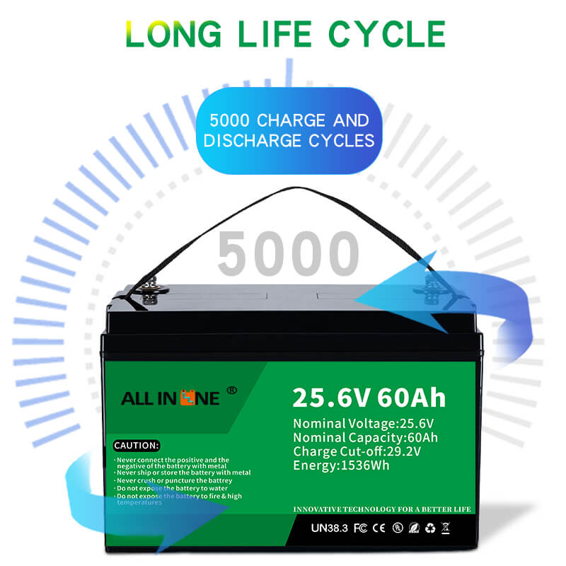 Esta bateria 25.6V 60Ah LFP pode ser uma substituição perfeita para a bateria AGM / GEL, ALL IN ONE também fornece baterias personalizadas com diferentes capacidades, dimensões e funções de acordo com os requisitos específicos do cliente. Em comparação com as baterias de chumbo-ácido AGM / GEL, as soluções de substituição ALL IN ONE Li-ion (LiFePO4) têm as seguintes vantagens:
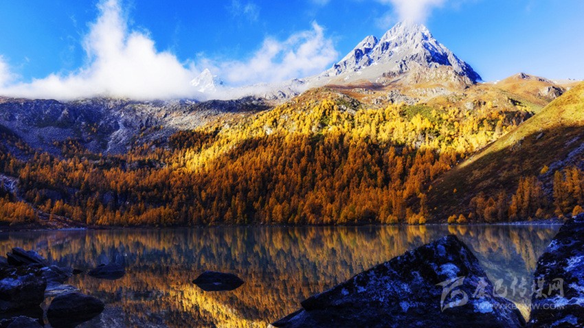 深秋季節(jié),騎馬上山,穿過(guò)彩色秋林來(lái)到湖邊,但見雪山腳下,層巒疊嶂,落葉松間,一池秋水像一顆純凈的寶石,鑲嵌在嶙峋陡峭的高山峽谷中,偎依在茂密的原始森林旁,湖水倒映著藍(lán)天白云和金黃的落葉松,靜謐而神秘,散發(fā)著迷人的光芒。這里沒(méi)有絲毫人工打造的痕跡,這里沒(méi)有一點(diǎn)人間煙火的味道,這里就是一方充滿誘惑的世外桃源——道孚甲依拉措。
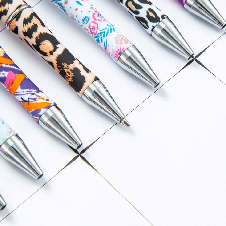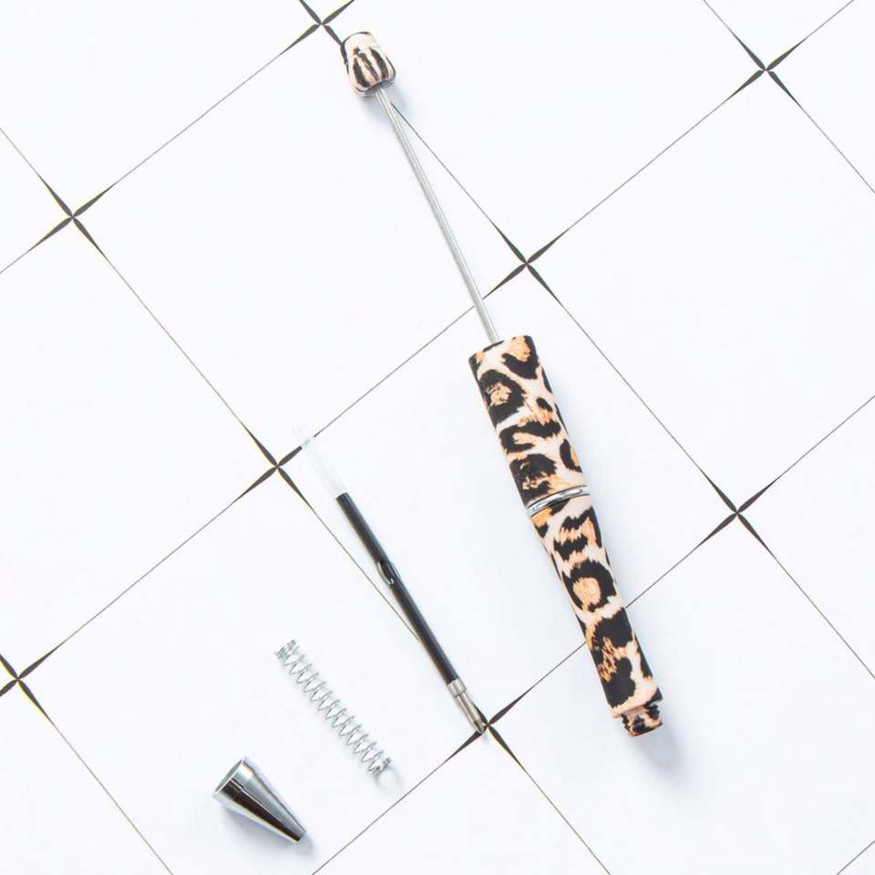 DIY Durable Plastic Bead Ballpoint Pens-Creative Handcrafted Leopard Floral Cow Print Silk Screen Printed Pens Fun Custom Gifts
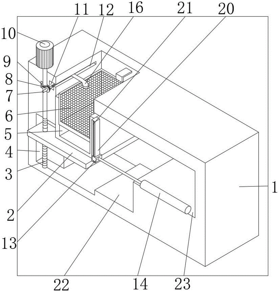 In the figure: 1. a cabinet body; 2. moving the plate; 3. a transmission screw rod; 4. a limiting groove; 5. a disinfectant tank; 6. a net cage; 7. a bidirectional screw rod; 8. a driven bevel gear; 9. a drive bevel gear; 10. a motor; 11. a moving groove; 12. connecting grooves; 13. a connecting seat; 14. a push rod; 15. a hot air blower; 16. a spray head; 17. an ultraviolet lamp; 18. a movable seat; 19. connecting blocks; 20. a sliding seat; 21. a sliding groove; 22. a first step; 23. a second step.
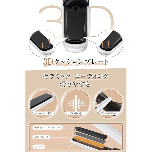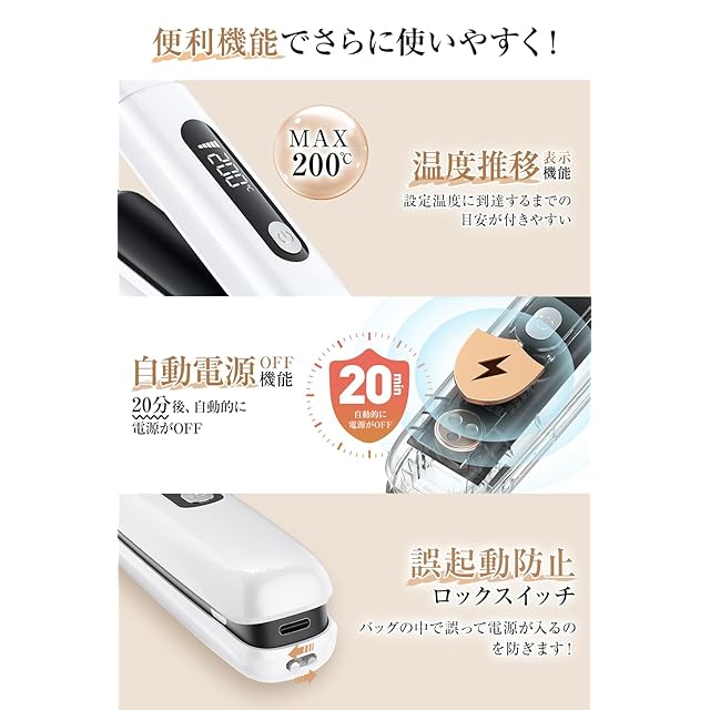 ⑤【安心安全設計&誤操作防止ロック搭載】 誤操作防止ロック付きで、バッグに入れても電源が誤って入る心配なし。さらに過熱防止機能・20分自動電源OFF・転倒保護設計を搭載し、安全性にも優れています。マイナスイオン効果で静電気を抑え、毛先までしっとりまとまり、美しいツヤを長時間キープ。毎日安心して使える充電式コードレスストレートアイロン・ワイヤレスカールアイロンは、自分用にもギフトにもぴったりです。
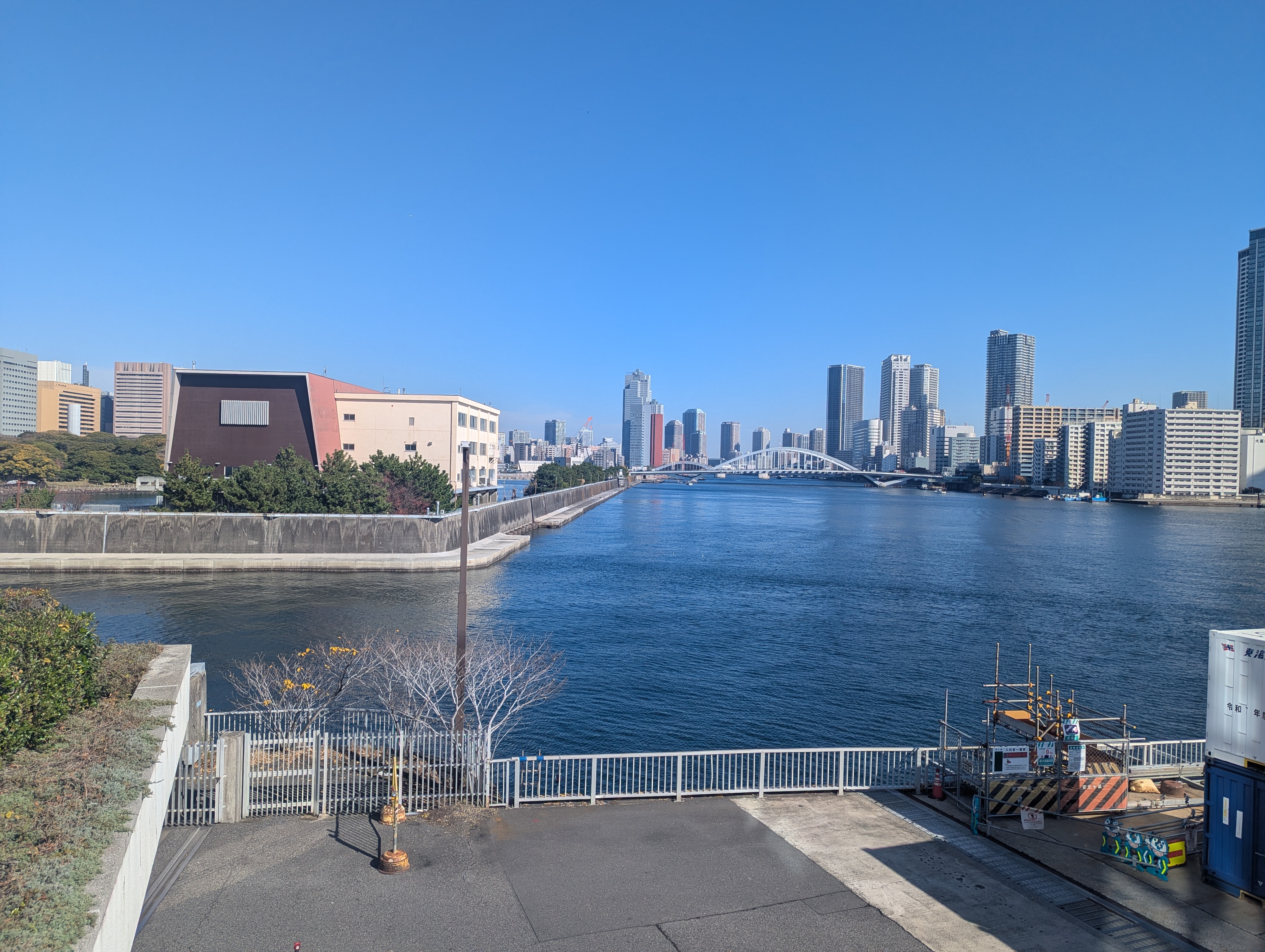 まず向かうのは竹芝客船ターミナルの上階にある竹芝デッキ。 デッキ左手の眺め。高層ビル・マンションは増えましたが、隅田川に架かる勝鬨橋と川の左の浜離宮は昔と変わらない、水の都・東京を感じさせる眺望です。
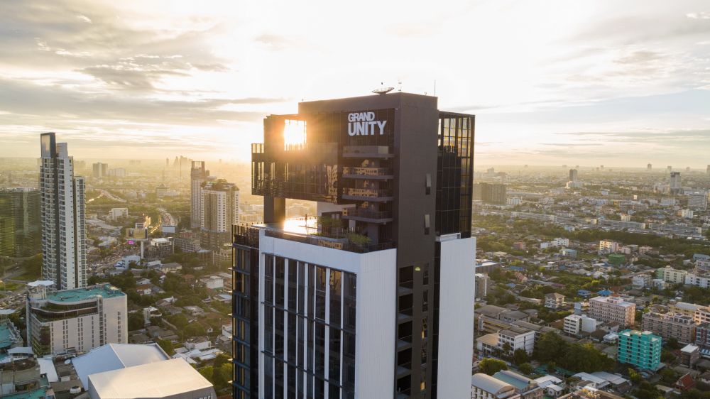 ในส่วนของการดีไซน์ มาพร้อมความพิถีพิถันในทุกองค์ประกอบและใส่ใจในทุกรายละเอียด เริ่มตั้งแต่ความสวยงามของตัวอาคาร ที่เน้นกระจกในการตกแต่งเพื่อความพรีเมียมและโดดเด่น ส่วนภายในห้องพักอาศัยยังคงรักษาความเป็นมาตรฐานของแกรนด์ ยูนิตี้ ผนวกกับการเลือกสรรวัสดุคุณภาพ ไม่ว่าจะเป็น Safety Glass หรือกระจกนิรภัย ทั้งโครงการและกระจกทุกบานในห้อง
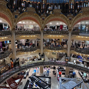 Afterward, we headed to Galeries Lafayette Haussmann, an iconic Parisian department store that is unlike anything you’ll find in the U.S. They have a lot of high-end designer brands, restaurants, and they even had a resale area. Amazing & dangerous! The building’s stunning architecture, with its dome and gold archways, is worth a visit in itself. There was a glass bridge that jutted out suspended in the air where you could walk out onto. It’s free but you need reservations. It can be booked online for free https://haussmann.galerieslafayette.com/en/events/glasswalk/
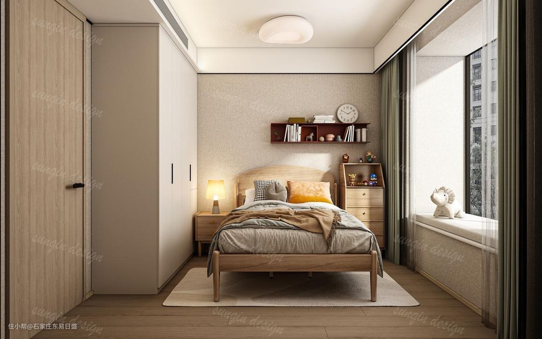 次卧以简约硬装造型搭配浅色木纹,整个屋子充斥着温馨舒适的氛围,带给业主家的感受。墙面定制一组木质开放格,美观又可收纳。
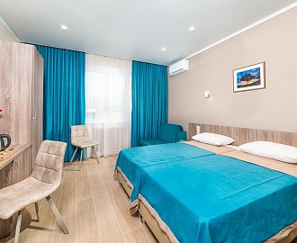 Сервис: смена полотенец: 1 раз в 3 дня, смена постельного белья: 1 раз в 7 дней, уборка номера: ежедневно.
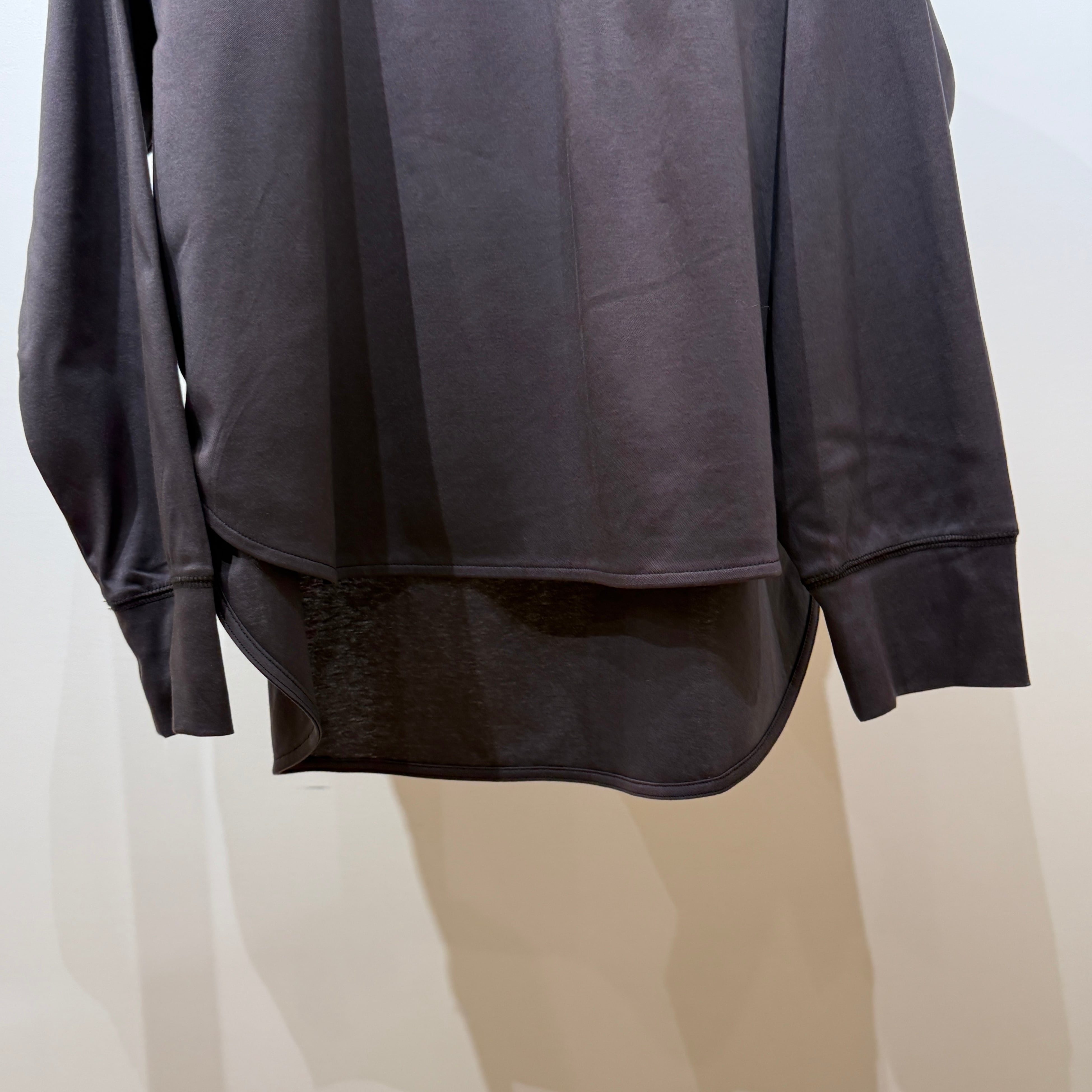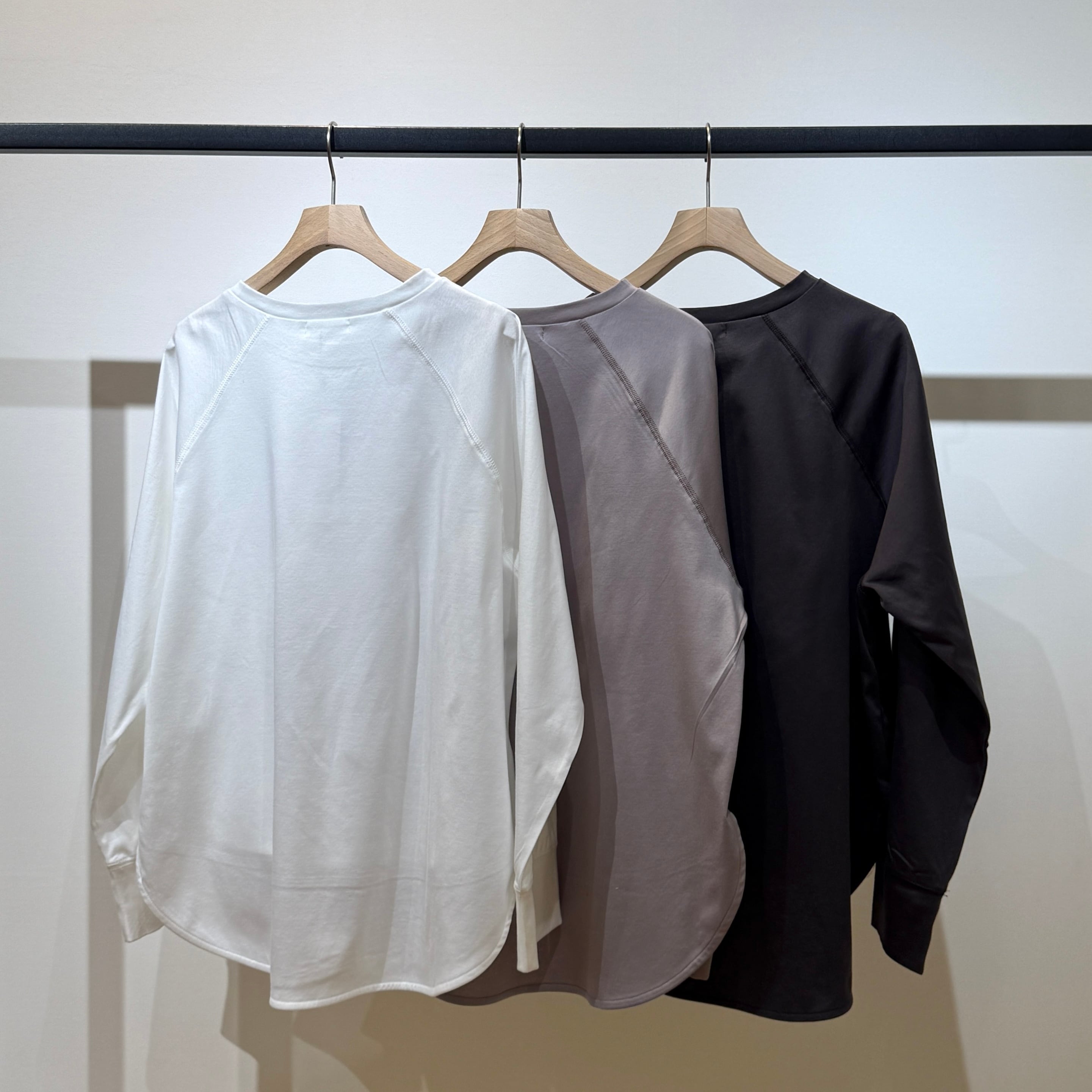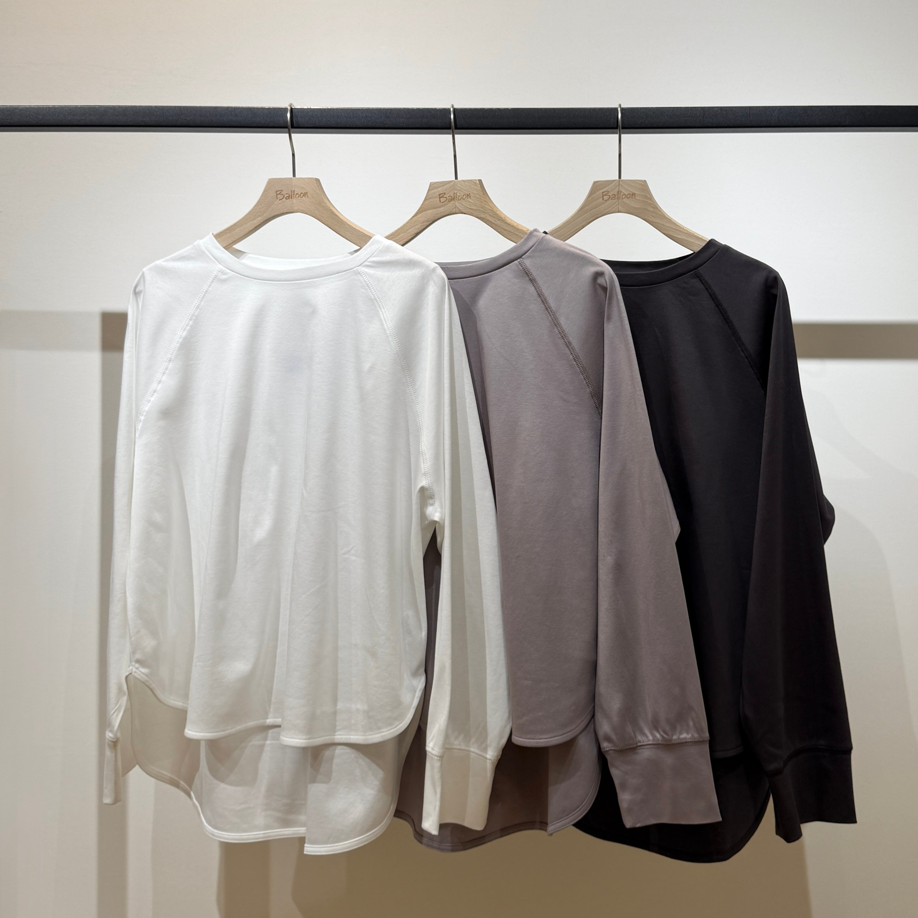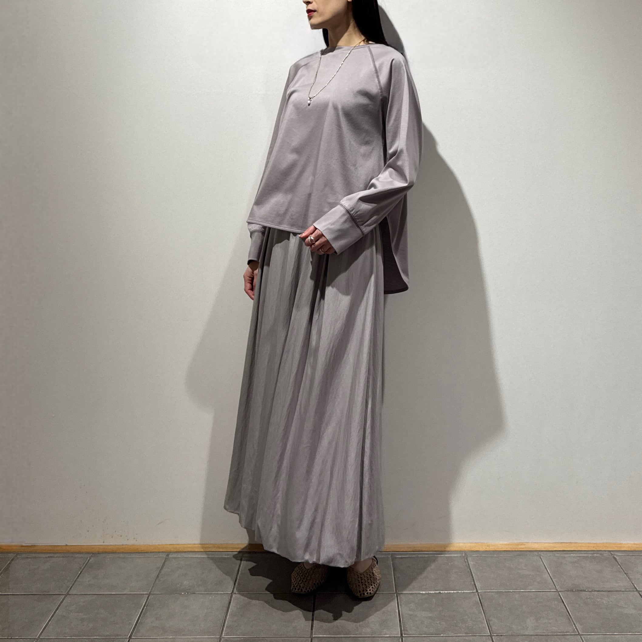 ラグランスリーブのゆったり設計に、前後差のある着丈とラウンド裾で抜け感のあるシルエット。

************

▸ EXERCISE AIM: Only the lines from the one with "Afterward, we headed" through the final line of the entries belong in the answer, set down exactly, with both ends included and no pictures.

▸ ANSWER:
 Afterward, we headed to Galeries Lafayette Haussmann, an iconic Parisian department store that is unlike anything you’ll find in the U.S. They have a lot of high-end designer brands, restaurants, and they even had a resale area. Amazing & dangerous! The building’s stunning architecture, with its dome and gold archways, is worth a visit in itself. There was a glass bridge that jutted out suspended in the air where you could walk out onto. It’s free but you need reservations. It can be booked online for free https://haussmann.galerieslafayette.com/en/events/glasswalk/
 次卧以简约硬装造型搭配浅色木纹,整个屋子充斥着温馨舒适的氛围,带给业主家的感受。墙面定制一组木质开放格,美观又可收纳。
 Сервис: смена полотенец: 1 раз в 3 дня, смена постельного белья: 1 раз в 7 дней, уборка номера: ежедневно.
 ラグランスリーブのゆったり設計に、前後差のある着丈とラウンド裾で抜け感のあるシルエット。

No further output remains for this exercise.